Kirk studied the graphs. As soon as the
Enterprise
’s
sensors had been hampered by the dampening field, the Kenisian ship had begun intensively scanning the planet. Why?

The captain rubbed the back of his tight neck. “They were distracting us.”

“From what?” Palamas asked.

“They’re looking for something.” The captain leaned over and punched up pictures of where the Kenisians had scanned. “Defenses? Centers of industry? Resources?”

The Vulcan disabused the captain of that notion. “I had assumed so. They gave such locations cursory investigation.” He pointed at several spots on one particular Maabas continent on the screen. “But these sites, here, here, and here. These were of paramount interest.”

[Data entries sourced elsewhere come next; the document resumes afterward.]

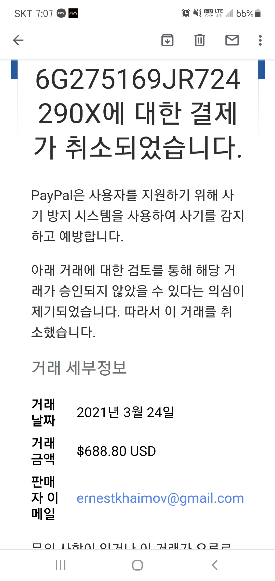 페이팔에서 결제된부분이니 페이팔에 승인취소를 요청해라고하더라구요
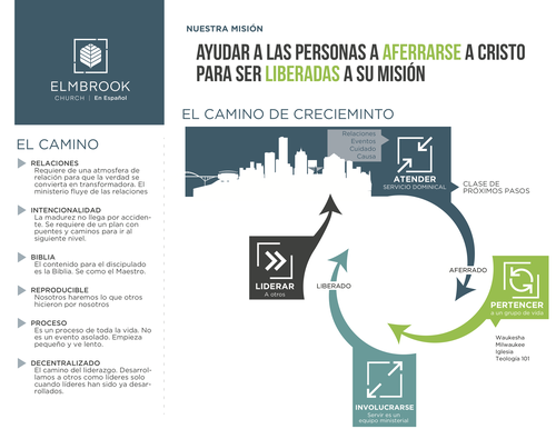 Somos un campus de la iglesia Elmbrook y nos reunimos en el Campus de Barker Rd. en Brookfield. Tenemos la misma misión y visión de la iglesia y nuestro pastor es parte del personal de Elmbrook. Nos reunimos a la misma hora de uno de los servicios de Elmbrook. Eso nos da una oportunidad especial para que nuestros hijos pueden ser integrados con otros niños de su edad, y ser parte de un ministerio desarrollado que no podrÃamos tener sin ser parte de una iglesia mas grande.
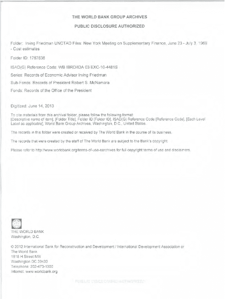 THE WORLD BANK GROUP ARCHIVES PUBLIC DISCLOSURE AUTHORIZEDFolder: Irving Friedman UNCTAD Files: New York Meeting on Supplementary Finance , June 23 July 3 , 1969 Cost estimates Folder I D: 1787636 I SAD ( G) Reference Code: WB IBRD/IDA 03 EXC1 04481 S Series : Records of Economic Advisor Irving Friedman SubFonds: Records of President Robert S. McNamara Fonds : Records of the Office of the PresidentDigitized: June 14, 2013 To cite materials from this archival folder , please follow the...
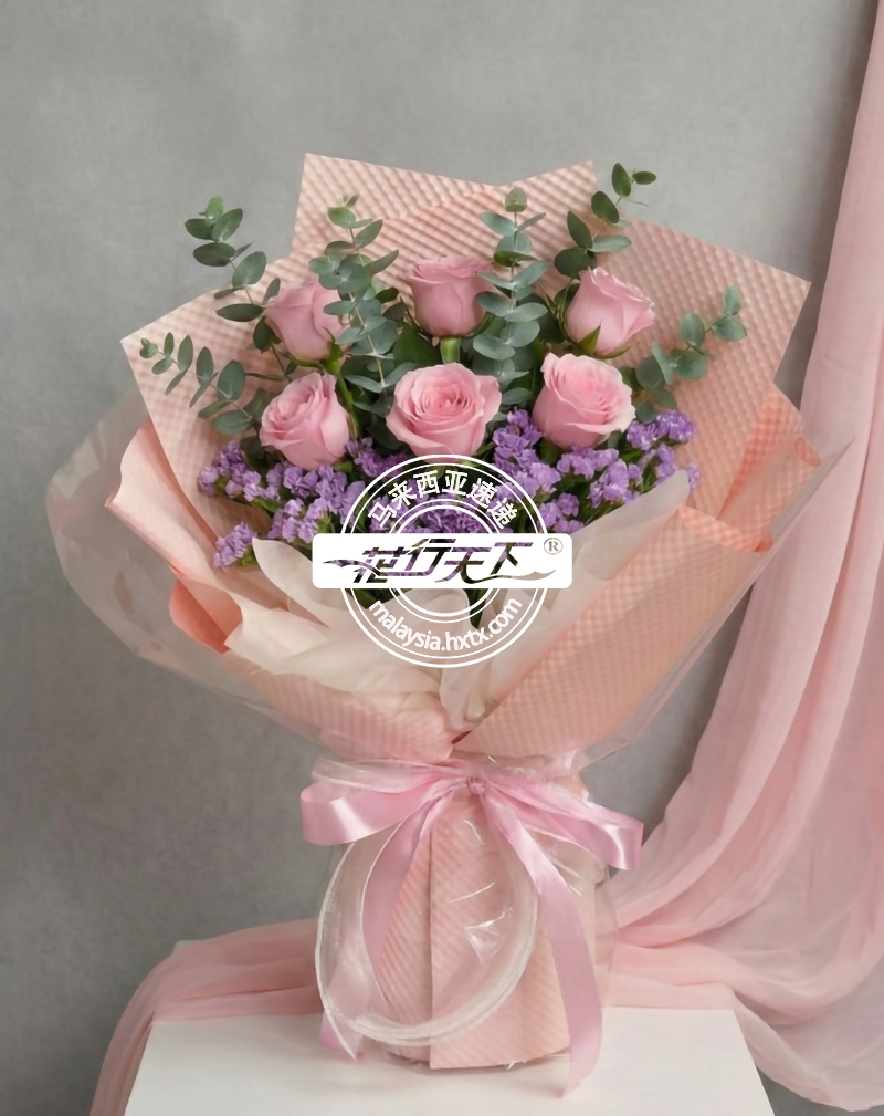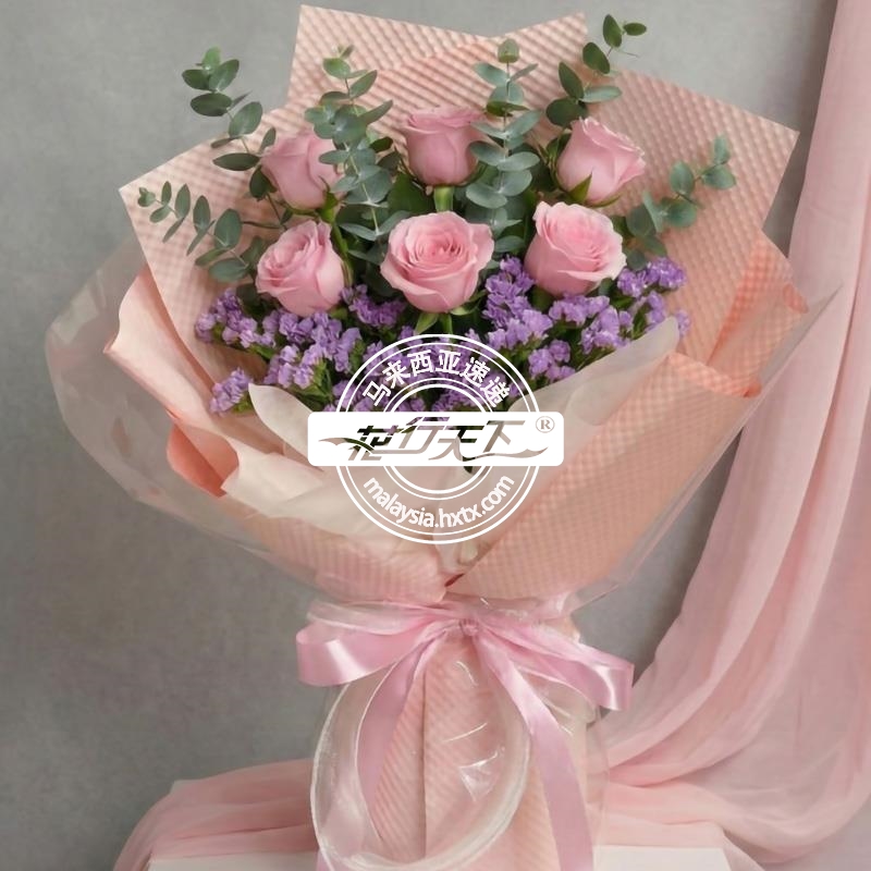 描述: 粉玫瑰6枝、勿忘我和尤加利组成、精美包装。

Having familiarized himself with the basics of the planet’s physical and political geography, the captain was at a loss to understand why the Kenisians would be intent on those locations. “But there’s nothing there.”

“Nothing of which we’re aware,” Spock corrected.

“We did find this, sir.” Palamas toggled a switch and another graphic overlaid the first. Several new dots, pinpointing different locations, filled the map. Three hit exactly where the Kenisians had been scanning. “Ruins. All sites with archaeological evidence of the civilization which predates the Maabas.”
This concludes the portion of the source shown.